Once your lawyer has reviewed the information you have provided, he or she may proceed with the filing of the claim. A typical slander action in Georgia will include a complaint, verification, summons and civil case filing information . The complaint will have certain items it must contain, including the facts supporting your case. The verification is a written statement under oath that the facts in the complaint are true. A summons instructs the other party to respond to the complaint. Finally, the civil case filing information provides the pertinent information regarding the parties involved in the case as well as the judge and court location. This is all a function of the court house system in Georgia that handles the case.
The complaint must be served on the defendant through adequate service.

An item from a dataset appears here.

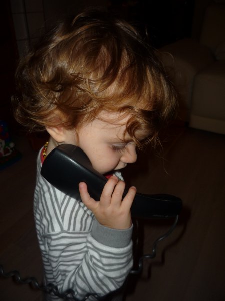 Unsere Tochter wird von Woche zu Woche eine bessere Telefoniererin – richtig herzig zu sehen, wenn sie ein Wort sagen kann, dass sie ins Telefonat einbringen kann. Ob passend oder nicht, das überlassen wir dem Telefonpartner zu entscheiden ![]()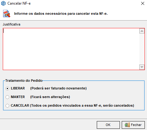 10 – Em cancelar devemos descrever o motivo do cancelamento.

Once the defendant has been served, they will have thirty days to respond to the complaint or a default judgment can be issued against them. The defendant may respond in one of two ways; by answering the complaint or by filing a motion to dismiss. If an answer is filed, the court sets a date for your attorney and the defendant’s attorney to appear before a judge and present their cases. If the defendant refuses to answer the complaint, a clerk of the court can enter a default judgment. If the lawsuit is successful, you can be awarded compensatory damages, punitive damages, and attorneys’ fees.